Quand on se reporte à cette année 1857, quand on se souvient qu’on avait longtemps hésité, à Berlin, avant de reconnaître la restauration de l’empire avec Napoléon, troisième du nom ; que M. de Bismarck lui-même sortait à peine de la sainte phalange des plus purs féodaux, dont il avait partagé toutes les erreurs, on est surpris de la hardiesse et de la nouveauté de la conception. Aussi blessa-t-elle profondément la cour de Sans-Souci. Blâmé par le général de Gerlach, le confident et le conseiller intime de Frédéric-Guillaume IV, M. de Bismarck se réserva pour le nouveau règne.

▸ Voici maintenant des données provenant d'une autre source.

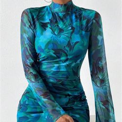 Women's short dress with a mock turtleneck, tropical floral print, long sleeves, mesh, fitted, ruched, short$25Whittier, CA
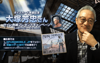 ボイスカード「大塚芳忠A」実装を記念して「直筆サイン色紙」が当たるキャンペーンを実施します。 キャンペーン期間中に公式Twitter(@PUBGMOBILE_JP)をフォロー&対象のツイートをRTしてくださった方の中から抽選で5名様に大塚芳忠さんの直筆サイン色紙をプレゼント! ※ボイスカード「大塚芳忠A」のサンプルボイスをPUBG [もっと見る]
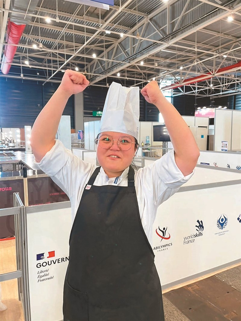 沈方惠左手天生有障礙,苦練五年備賽,獲西餐烹飪職類金牌。圖╱新北市
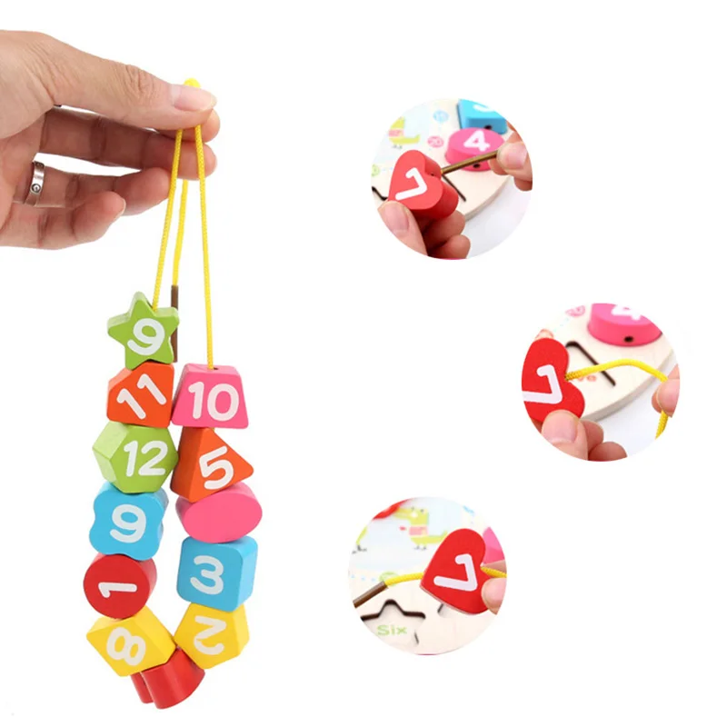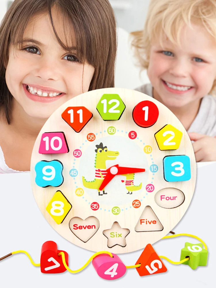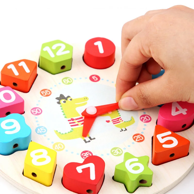 Монтессори мультфильм животных Образовательные деревянные бисером Геометрия цифровые часы Пазлы гаджеты соответствующие часы игрушки для детей
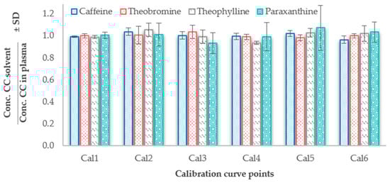 The concentrations of the calibrators from the calibration curves were re-calculated using the equations of the regression methods using the weighting factor 1/X2. Consequently, the ratio between the regressed concentrations in solvent and plasma calibration curves were determined and it was observed that data from both matrices were in accordance (ratio close to 1) for all the calibration points (Figure 3). The mean of the concentration ratios of all analytes was between 0.93 and 1.07. The coefficient of variation (%CV) was acceptable for caffeine, theobromine, and theophylline (0.8–8%) but paraxanthine suffered from higher standard deviations compared to the other molecules resulting in a range of CV% between 3–19% (Table S3).
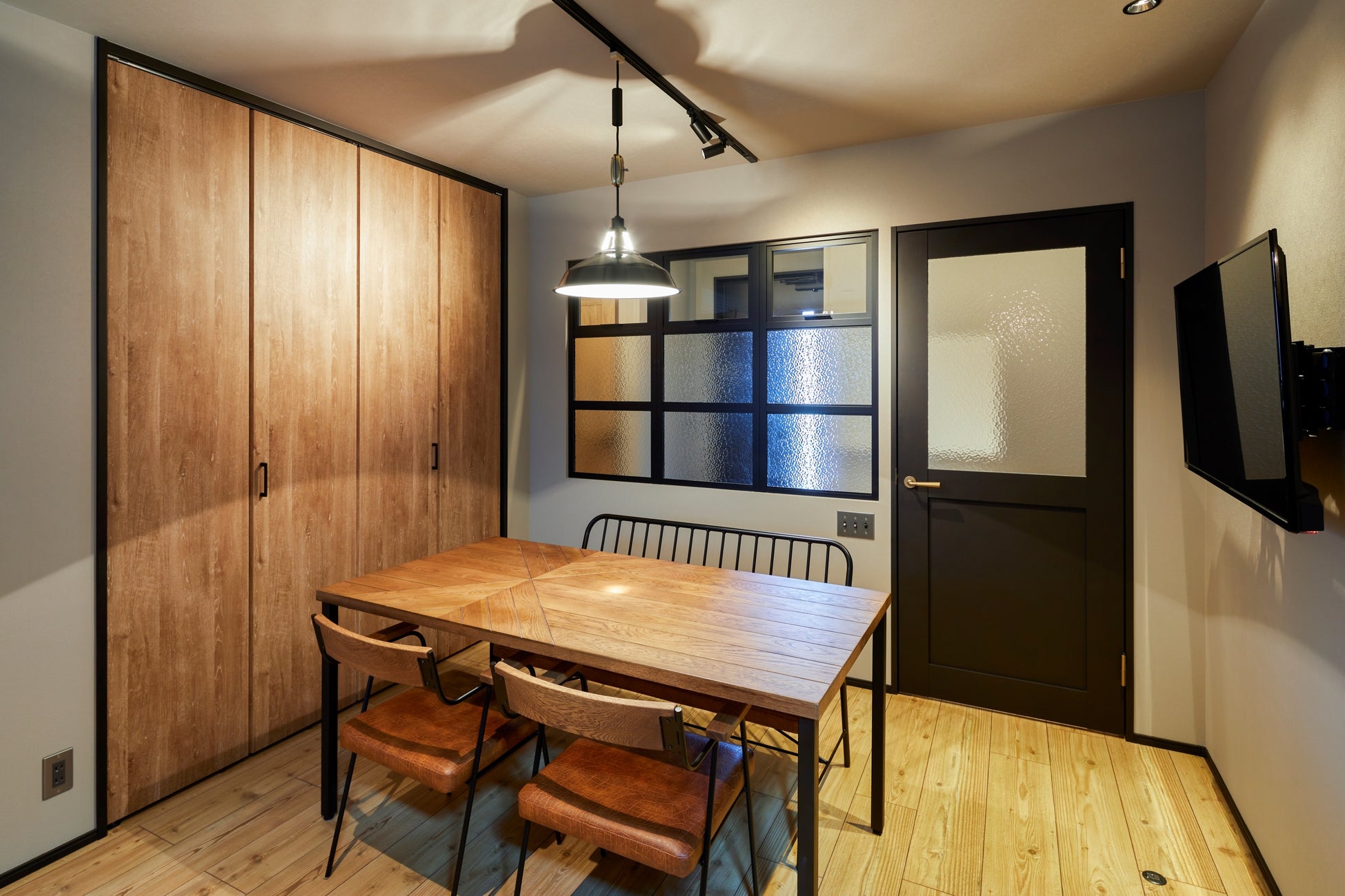 ブラック×グレーをメインにブラウンを取り入れた室内。木材とアイアン素材でアメリカンに、古材やアイアンエイジング加工された家具などを採用することでヴィンテージ感をプラスしています

On sait avec quels desseins Guillaume Ier est monté sur le trône. « Avant d’entreprendre une guerre au sud ou à l’est du royaume, avait écrit le grand Frédéric, tout prince prussien doit, à tout prix, s’assurer la neutralité de la Russie, s’il ne peut obtenir son appui. » Le futur empereur se souvint de la recommandation de son glorieux ancêtre, et, peu après son avènement, il confia à M. de Bismarck le soin de l’aider à remplir ce premier point de son programme. Appréciant, à toute sa valeur, le dévoûment de ce serviteur méconnu, le mérite de ce diplomate batailleur et décrié, il en fit son ambassadeur auprès de l’empereur Alexandre.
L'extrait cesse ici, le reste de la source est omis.